RECORDS SUPPLIED section start
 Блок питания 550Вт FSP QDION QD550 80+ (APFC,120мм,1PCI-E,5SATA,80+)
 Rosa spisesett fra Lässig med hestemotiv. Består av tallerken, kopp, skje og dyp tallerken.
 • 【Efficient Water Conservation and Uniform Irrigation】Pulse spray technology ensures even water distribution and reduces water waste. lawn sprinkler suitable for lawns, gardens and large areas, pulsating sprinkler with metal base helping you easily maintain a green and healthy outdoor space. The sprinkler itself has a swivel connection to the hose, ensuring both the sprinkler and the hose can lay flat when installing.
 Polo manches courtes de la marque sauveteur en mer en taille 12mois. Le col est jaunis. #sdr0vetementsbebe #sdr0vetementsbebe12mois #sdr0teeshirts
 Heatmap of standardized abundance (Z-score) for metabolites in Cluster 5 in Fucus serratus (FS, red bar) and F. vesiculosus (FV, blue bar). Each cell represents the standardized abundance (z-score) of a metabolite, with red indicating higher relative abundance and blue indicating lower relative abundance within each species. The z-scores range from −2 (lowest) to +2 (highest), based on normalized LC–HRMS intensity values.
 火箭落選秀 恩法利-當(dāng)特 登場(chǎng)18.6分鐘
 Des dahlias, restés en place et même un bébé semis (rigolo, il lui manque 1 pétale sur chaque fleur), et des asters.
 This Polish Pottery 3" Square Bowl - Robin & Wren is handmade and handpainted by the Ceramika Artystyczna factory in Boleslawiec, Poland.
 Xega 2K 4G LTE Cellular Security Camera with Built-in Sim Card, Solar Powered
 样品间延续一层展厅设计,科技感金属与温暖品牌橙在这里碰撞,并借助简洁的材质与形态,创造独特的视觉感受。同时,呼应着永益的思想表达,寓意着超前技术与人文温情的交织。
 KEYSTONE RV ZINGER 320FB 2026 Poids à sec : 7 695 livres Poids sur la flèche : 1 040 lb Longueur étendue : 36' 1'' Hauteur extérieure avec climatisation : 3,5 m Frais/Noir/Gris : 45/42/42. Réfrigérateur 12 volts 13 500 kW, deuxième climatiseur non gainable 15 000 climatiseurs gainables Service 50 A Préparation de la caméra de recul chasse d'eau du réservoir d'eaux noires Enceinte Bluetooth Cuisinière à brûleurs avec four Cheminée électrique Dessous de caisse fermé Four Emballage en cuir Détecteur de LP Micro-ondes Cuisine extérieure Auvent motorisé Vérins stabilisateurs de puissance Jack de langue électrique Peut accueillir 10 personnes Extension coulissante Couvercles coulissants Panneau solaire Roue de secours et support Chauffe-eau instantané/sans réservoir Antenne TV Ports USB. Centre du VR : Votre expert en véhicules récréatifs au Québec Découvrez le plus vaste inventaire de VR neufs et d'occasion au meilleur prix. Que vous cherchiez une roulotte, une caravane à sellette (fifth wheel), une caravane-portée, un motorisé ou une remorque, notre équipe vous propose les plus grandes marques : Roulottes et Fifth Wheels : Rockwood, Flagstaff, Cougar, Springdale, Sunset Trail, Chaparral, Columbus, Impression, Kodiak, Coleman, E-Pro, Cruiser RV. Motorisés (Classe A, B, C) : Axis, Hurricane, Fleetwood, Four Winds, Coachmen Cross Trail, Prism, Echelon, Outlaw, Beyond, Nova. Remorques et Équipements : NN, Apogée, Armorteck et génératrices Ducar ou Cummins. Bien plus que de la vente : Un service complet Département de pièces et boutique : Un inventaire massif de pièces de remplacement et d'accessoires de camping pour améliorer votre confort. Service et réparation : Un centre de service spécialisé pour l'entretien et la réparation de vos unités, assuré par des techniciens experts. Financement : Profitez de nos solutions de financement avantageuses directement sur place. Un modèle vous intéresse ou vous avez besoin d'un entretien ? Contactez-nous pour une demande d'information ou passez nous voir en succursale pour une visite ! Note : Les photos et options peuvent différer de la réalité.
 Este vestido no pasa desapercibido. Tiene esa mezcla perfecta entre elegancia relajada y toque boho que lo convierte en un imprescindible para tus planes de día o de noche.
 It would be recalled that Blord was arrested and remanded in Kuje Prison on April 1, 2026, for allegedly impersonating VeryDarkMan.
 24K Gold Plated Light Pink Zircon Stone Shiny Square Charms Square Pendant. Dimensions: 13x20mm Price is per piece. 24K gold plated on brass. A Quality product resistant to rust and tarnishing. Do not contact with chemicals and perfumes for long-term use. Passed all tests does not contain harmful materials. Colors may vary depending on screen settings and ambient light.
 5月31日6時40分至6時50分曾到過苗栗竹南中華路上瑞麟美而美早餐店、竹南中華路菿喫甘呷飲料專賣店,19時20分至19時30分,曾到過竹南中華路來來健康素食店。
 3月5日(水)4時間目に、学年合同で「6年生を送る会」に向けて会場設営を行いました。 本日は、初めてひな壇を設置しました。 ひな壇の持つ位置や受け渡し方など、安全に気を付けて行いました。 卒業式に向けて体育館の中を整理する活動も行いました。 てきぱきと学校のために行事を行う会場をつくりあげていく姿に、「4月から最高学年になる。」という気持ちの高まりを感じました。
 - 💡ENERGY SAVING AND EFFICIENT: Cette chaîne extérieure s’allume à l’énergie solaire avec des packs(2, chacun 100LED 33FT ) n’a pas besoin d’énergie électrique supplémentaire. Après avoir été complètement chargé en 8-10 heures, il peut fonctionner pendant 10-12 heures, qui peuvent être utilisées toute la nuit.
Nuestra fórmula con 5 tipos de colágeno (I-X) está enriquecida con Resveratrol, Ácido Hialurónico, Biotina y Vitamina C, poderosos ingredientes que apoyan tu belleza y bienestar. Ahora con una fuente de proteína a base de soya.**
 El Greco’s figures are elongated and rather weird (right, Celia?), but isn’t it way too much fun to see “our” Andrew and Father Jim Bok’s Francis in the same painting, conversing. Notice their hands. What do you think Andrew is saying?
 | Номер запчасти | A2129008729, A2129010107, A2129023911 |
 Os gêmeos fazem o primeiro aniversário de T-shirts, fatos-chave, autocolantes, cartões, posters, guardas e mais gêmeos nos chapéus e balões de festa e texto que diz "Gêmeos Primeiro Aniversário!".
RECORDS SUPPLIED section end
TASK TO COMPLETE: Word for word, restate the lines of the listing above starting at the line with "This Polish Pottery" and ending at the line with "样品间延续一层展厅设计,科技", and nothing outside them.

SOLUTION TO THIS EXERCISE:
 This Polish Pottery 3" Square Bowl - Robin & Wren is handmade and handpainted by the Ceramika Artystyczna factory in Boleslawiec, Poland.
 Xega 2K 4G LTE Cellular Security Camera with Built-in Sim Card, Solar Powered
 样品间延续一层展厅设计,科技感金属与温暖品牌橙在这里碰撞,并借助简洁的材质与形态,创造独特的视觉感受。同时,呼应着永益的思想表达,寓意着超前技术与人文温情的交织。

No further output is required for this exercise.